Puzzle of Genes

Improving statistical methods for whole genome analysis

In the genomic era, there are numerous genotype and phenotype data publicly available as a form of ‘big genomic data’. Genome-wide genotype information has provided valuable insights into the genetic basis of complex human diseases. It is now increasingly recognised that whole-genome approach is useful in complex disease analyses, which can use all or most genetic variants across the genome simultaneously. The approach is to link two individuals who are not related in the conventional sense, but who can be compared experimentally because they share part of their genome by descent over many generations. This is a paradigm-shifting approach, leading to a design-free experiment for population genetic analyses that does not require pedigree-informative individuals or relatives. Combined with advanced statistical methods, the whole-genome approach is a promising tool to dissect the genetic architecture and maximise the accuracy of risk prediction for complex diseases, leading to effective precision medicine.

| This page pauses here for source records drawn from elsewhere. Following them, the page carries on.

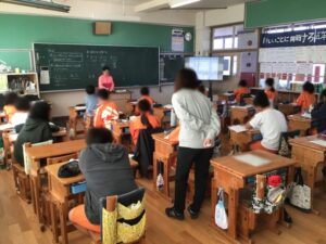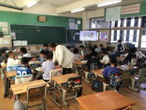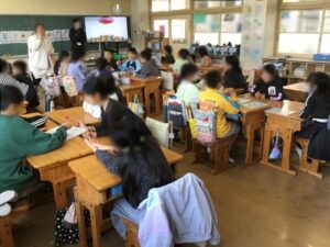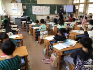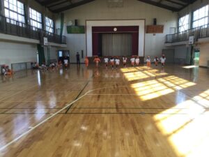 シャトルランをしています。走り終わった子どもたちから大声援です!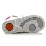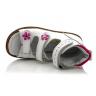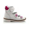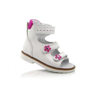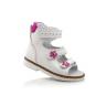 Босоножки ортопедические белого цвета с розовыми цветочками (с высоким берцем) и открытым носком. Сверху фиксируются тремя липучками. Снаружи и внутри кожаные. Завышенная твердая пятка, супинатор и ортопедический каблук Томаса.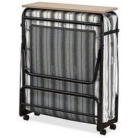 British made with lifetime frame guarantee J-Tex sprung base system for complete durability, support and comfort breathable airflow fibre mattress exceeds british and european safety standards legs automatically open when unfolded 360 castors for easy manoeuvrability durable epoxy paint finish suitable for regular use. Automatic folding legs. Steel with . Size as bed W122, L196, H51cm. Size folded H97, W122, D29cm. Airflow Polyester. Medium feel mattress. Mattress depth 10cm. Weight 29.9kg. Minimal asse...

We are currently developing advanced whole-genome methods for causative variant detection, genotype-environment interaction and dissection of a dynamic genetic architecture of complex traits to maximise the accuracy of individual risk prediction.

Current research projects

Advanced whole-genome approaches for causative variant detection and individual risk prediction of complex traits in human populations

(PI: Associate Professor Sang Hong Lee)

The genomics era has demonstrated the true complexity of genetic traits, but brings promise for personalised genomic medicine in which diagnosis and treatment are tailored to individuals based on profiles recorded in their genome. More feasible and realistic is the opportunity of ‘stratified medicine’ in which individuals are classified into treatment-relevant sub-groups based on profiles that incorporate information from both genomic and environmental risk factors. This project aims to develop advanced statistical methods to better detect causative variants, and to better predict an individual’s risk of disease. We have pioneered whole-genome methods and propose to improve upon them in several ways. These include a flexible Bayesian framework to elucidate the genetic architecture of complex traits and a linear mixed model to capture currently undetected genetic variance. We will apply our new methods to large data sets, including next-generation sequencing data. Our methods may lead to predictions of risk of disease for individuals that have clinical utility.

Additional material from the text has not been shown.